■ RECORDS SHOWN ■
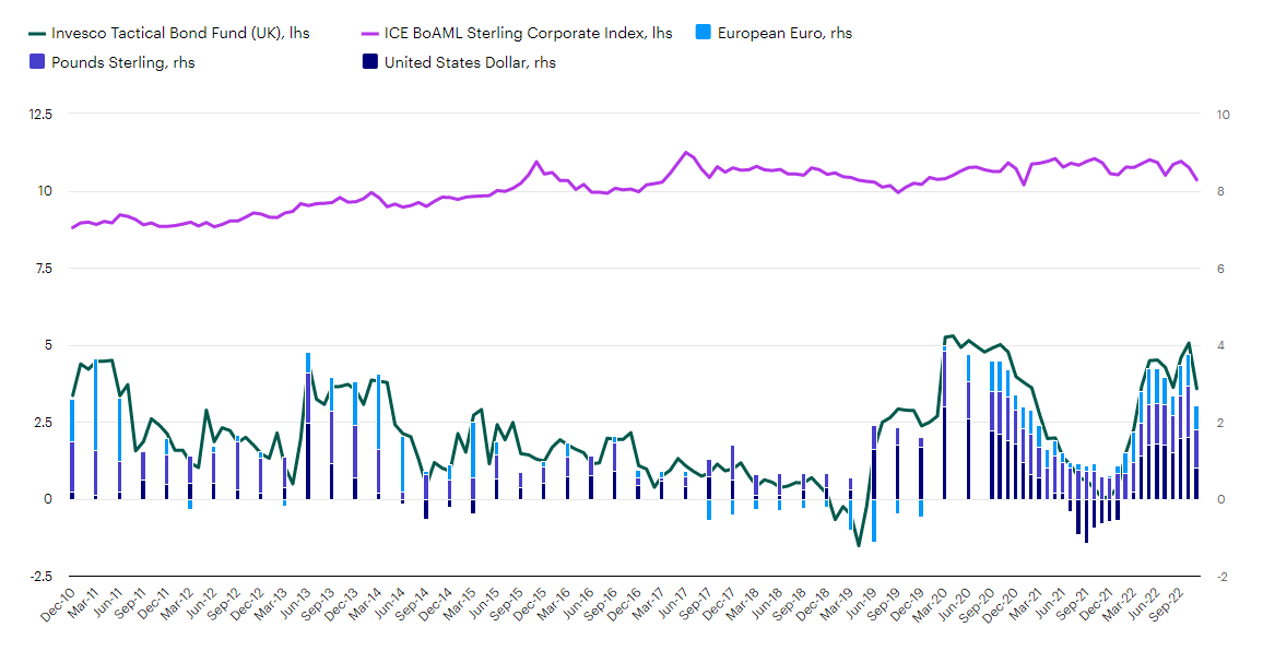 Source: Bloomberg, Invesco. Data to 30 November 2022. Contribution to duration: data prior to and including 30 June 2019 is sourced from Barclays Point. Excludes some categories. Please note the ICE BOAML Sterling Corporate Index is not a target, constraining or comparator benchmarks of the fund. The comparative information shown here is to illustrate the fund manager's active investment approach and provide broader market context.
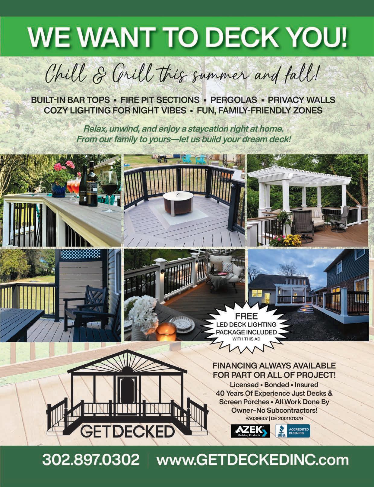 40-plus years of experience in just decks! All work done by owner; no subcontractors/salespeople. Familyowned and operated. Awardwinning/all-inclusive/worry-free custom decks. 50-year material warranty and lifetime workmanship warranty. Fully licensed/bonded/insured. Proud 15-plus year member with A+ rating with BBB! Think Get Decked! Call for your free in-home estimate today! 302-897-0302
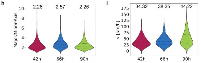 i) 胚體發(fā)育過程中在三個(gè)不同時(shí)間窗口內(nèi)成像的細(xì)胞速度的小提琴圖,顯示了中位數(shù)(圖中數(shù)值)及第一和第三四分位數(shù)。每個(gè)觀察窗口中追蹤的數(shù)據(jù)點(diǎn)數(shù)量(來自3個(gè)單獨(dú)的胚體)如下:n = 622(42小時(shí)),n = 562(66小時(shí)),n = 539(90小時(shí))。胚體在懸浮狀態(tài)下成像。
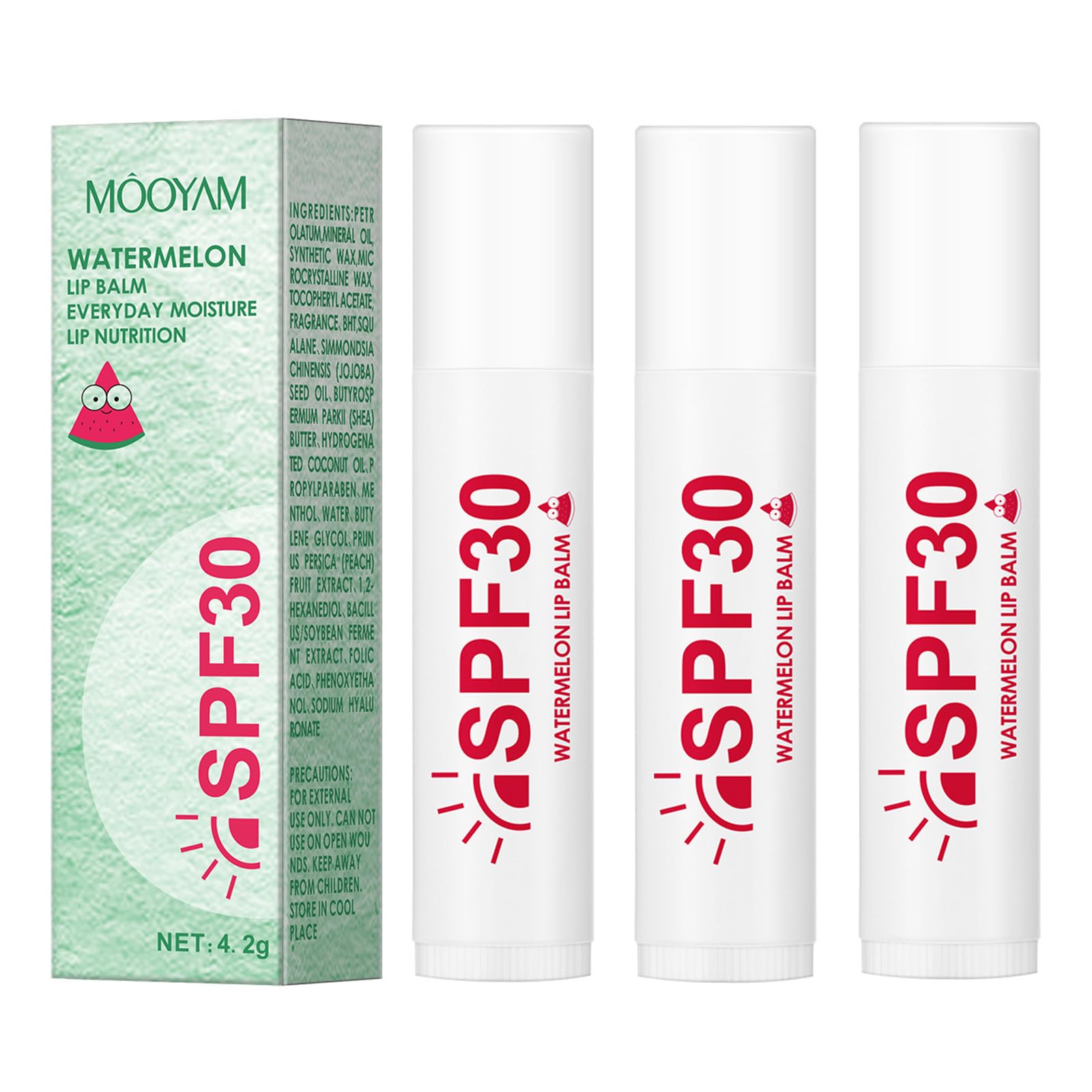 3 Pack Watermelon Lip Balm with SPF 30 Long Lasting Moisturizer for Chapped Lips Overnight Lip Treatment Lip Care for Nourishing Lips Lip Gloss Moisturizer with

==

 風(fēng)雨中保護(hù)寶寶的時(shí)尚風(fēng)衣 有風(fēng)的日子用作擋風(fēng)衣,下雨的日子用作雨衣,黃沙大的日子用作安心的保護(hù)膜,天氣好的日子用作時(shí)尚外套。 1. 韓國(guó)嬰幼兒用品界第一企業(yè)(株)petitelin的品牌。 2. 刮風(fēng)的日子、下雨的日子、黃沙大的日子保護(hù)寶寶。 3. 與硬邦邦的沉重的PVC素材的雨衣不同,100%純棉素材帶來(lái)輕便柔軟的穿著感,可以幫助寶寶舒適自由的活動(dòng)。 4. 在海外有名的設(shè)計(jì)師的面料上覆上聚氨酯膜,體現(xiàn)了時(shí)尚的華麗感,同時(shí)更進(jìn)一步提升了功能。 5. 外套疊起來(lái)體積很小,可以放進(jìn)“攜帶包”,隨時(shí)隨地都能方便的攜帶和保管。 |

■ THE PROBLEM ■
No picture is to be printed. Output exactly the lines above from the line containing "Source: Bloomberg, Invesco." through the line containing "562(66小時(shí)),n = 539(90小時(shí))。胚體在懸浮狀態(tài)下成像。".

■ RESPONSE TO THE EXERCISE ■
 Source: Bloomberg, Invesco. Data to 30 November 2022. Contribution to duration: data prior to and including 30 June 2019 is sourced from Barclays Point. Excludes some categories. Please note the ICE BOAML Sterling Corporate Index is not a target, constraining or comparator benchmarks of the fund. The comparative information shown here is to illustrate the fund manager's active investment approach and provide broader market context.
 40-plus years of experience in just decks! All work done by owner; no subcontractors/salespeople. Familyowned and operated. Awardwinning/all-inclusive/worry-free custom decks. 50-year material warranty and lifetime workmanship warranty. Fully licensed/bonded/insured. Proud 15-plus year member with A+ rating with BBB! Think Get Decked! Call for your free in-home estimate today! 302-897-0302
 i) 胚體發(fā)育過程中在三個(gè)不同時(shí)間窗口內(nèi)成像的細(xì)胞速度的小提琴圖,顯示了中位數(shù)(圖中數(shù)值)及第一和第三四分位數(shù)。每個(gè)觀察窗口中追蹤的數(shù)據(jù)點(diǎn)數(shù)量(來自3個(gè)單獨(dú)的胚體)如下:n = 622(42小時(shí)),n = 562(66小時(shí)),n = 539(90小時(shí))。胚體在懸浮狀態(tài)下成像。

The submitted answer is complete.